Eleger Lula no primeiro turno

Imagem: Michelle Guimarães
Whatsapp
Facebook
Twitter
Instagram
Telegram

Por ANDRÉ FLORES*

Sem uma vitória no primeiro turno será muito mais difícil conter o avanço do golpismo

Uma retumbante vitória de Lula no 1° turno não elimina os riscos de um golpe de Estado. Os pretextos para o questionamento do resultado eleitoral não dependem do desempenho de Jair Bolsonaro nas urnas. Para o bolsonarismo, as eleições foram fraudadas antecipadamente, desde que Alexandre de Moraes e o TSE não cederam às imposições dos militares. Em sua narrativa conspiratória, caso a diferença de votos seja ampla, será tida justamente como uma evidência de fraude, devido à sua discrepância em relação ao “Datapovo”. Caso a diferença seja estreita, será tida como uma demonstração inequívoca da manipulação dos institutos de pesquisas, que teriam atuado para esconder a maioria bolsonarista na sociedade e legitimar a fraude eleitoral. O documento divulgado pelo PL, retomando os ataques ao sistema eleitoral, mostra que, para o bolsonarismo, o processo já está desacreditado, independente do resultado.

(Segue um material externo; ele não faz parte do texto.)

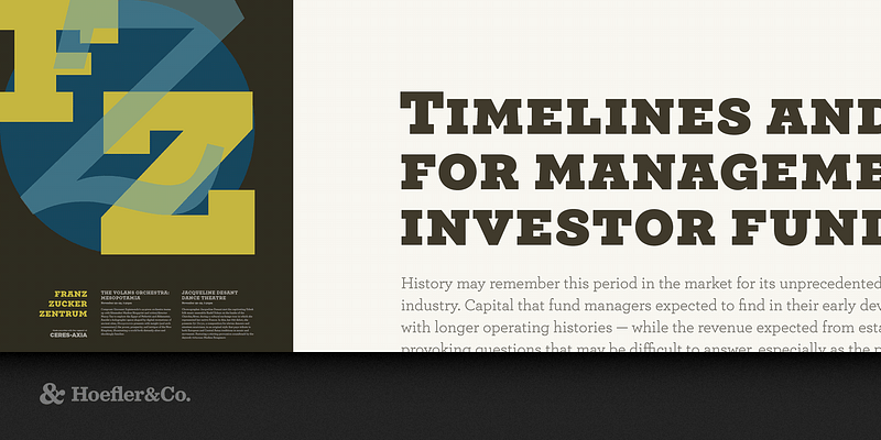 Sweet but not saccharine, earnest but not grave, Archer is designed to hit just the right notes of forthrightness, credibility, and charm. Slab serifs have been evolving for two hundred years, yet the category continues to be dominated by two basic styles: Antiques and Geometrics. Antiques arise out of the same nineteenth-century tradition that produced the Modern and Scotch styles: at heart, they’re text faces, and they feature all of the qualities needed to thrive at small sizes. (Antiques customarily have the traditional ‘two-storey’ forms of a and g, and a capital R that ends in a flourish.) Our Ziggurat typeface is an example of the Antique style in full flower, capturing the best of what the style has to offer: it’s warm, comforting, and persuasive. But this coziness comes at the expense of modernity, and in the wrong context even the best Antique can feel old-fashioned, musty, and irrelevant. The Geometric is a twentieth-century riposte to the Antique. Informed by the same kind of rationalist thinking that inspired the great sans serifs of the Bauhaus, Geometrics abandon traditional forms in favor of mathematical strategies. A Geometric’s O is circular rather than elliptical, and its forms shed their residual contrast between thicks and thins. Geometrics usually apply this same rationalism to the woollier parts of the alphabet, replacing the alphabet’s beaks and tails and ball terminals with a program of matching serifs. While these faces can sometimes be bracingly modern, they’re often monotonous, and many Geometrics suffer from an astringent sting that makes them difficult to use and unwelcome to When Martha Stewart Living asked us to develop a new typeface for the magazine, it seemed that a slab serif could answer much of the brief. A slab could be personable, straightforward, and credible, though it would take special effort to also make it pretty, hard-working, and frank. Archer would have to answer some formidable typographic demands, since Living is an almanac of lists, recipes, charts, diagrams, tables, calendars, and glossaries. To make the typeface frank — direct, but not brusque — we introduced subtle cues from the world of typewriter faces, which combine the ordinariness of Antiques with the modern practicality of Geometrics. We restored the vanished ‘ball terminals’ to the lowercase, and uncharacteristically applied these gestures to the capitals as well, in order to yield a font that’s friendly without being silly, and attractive without being flashy. The result is a typeface that’s well-mannered, easy to work with, and inviting to The Archer typeface was designed by Jonathan Hoefler and Tobias Frere-Jones in 2001, with contributions from Jesse Ragan and additional material by Jordan Bell and Andy Clymer. While rooted in the ‘geometric slab serif’ style that emerged in the early nineteenth century (and reached full flower a century later), Archer’s many liberties with the style include its uncharacteristic application of ‘ball terminals’ to capital letters such as ‘C’ and ‘S,’ a detail traditionally found only in the lowercase alphabet. Archer was created for Martha Stewart Living, in whose pages the typeface first appeared in 2001.

A ameaça de golpe persistirá enquanto o bolsonarismo for considerado uma força legítima e tiver seus direitos políticos assegurados. A pressão pela anulação das eleições e a tentativa de impedir o “retorno do comunismo” prosseguirá mesmo depois de outubro, de modo que não bastará apenas derrotar o bolsonarismo nas urnas, será necessário construir força na sociedade para garantir a posse e conseguir governar. Não bastará apenas ampliar o apoio social e político, como tem feito (a meu ver corretamente) a candidatura Lula. Será necessário mobilização social, pois, parafraseando Luís Fernando Veríssimo, “O nosso lado está com a razão mas o lado deles está armado”.

Dito isto, penso que temos razões e argumentos mais consistentes para defender a liquidação da fatura já no primeiro turno.

Em primeiro lugar, como já vem sendo argumentado por diferentes analistas e dirigentes políticos, a vitória no primeiro turno aumenta os custos políticos para o golpismo, pois envolve anular a eleição de 513 deputados e 27 senadores, fora os governos estaduais que podem ser eleitos já na primeira volta (as pesquisas indicam esta possibilidade para cerca de 10-14 estados). Seria plenamente possível para os golpistas anular ou suspender as eleições no segundo turno, sem alterar os resultados do primeiro, neutralizando, assim, eventuais contestações do centrão e dos partidos fisiológicos.

Em segundo lugar, nas quatro semanas entre o primeiro e o segundo turno, fatos novos e inesperados podem acontecer, reduzindo ainda mais a diferença entre Lula e Bolsonaro. Muitas são as variáveis em jogo, e, apesar de no momento atual o bolsonarismo aparentar ter atingido um teto, nada garante que essa tendência seja irreversível e que não possa ser alterada. O segundo turno pode, sim, ser uma nova eleição. É ilusório fazer projeções estáticas em uma conjuntura instável e movediça. Não está dado, por exemplo, que Jair Bolsonaro não possa recolher os dividendos dos benefícios sociais que só passaram a ser distribuídos em agosto. Apesar de não parecer ser o cenário mais provável nas condições de hoje, não pode ser simplesmente descartado.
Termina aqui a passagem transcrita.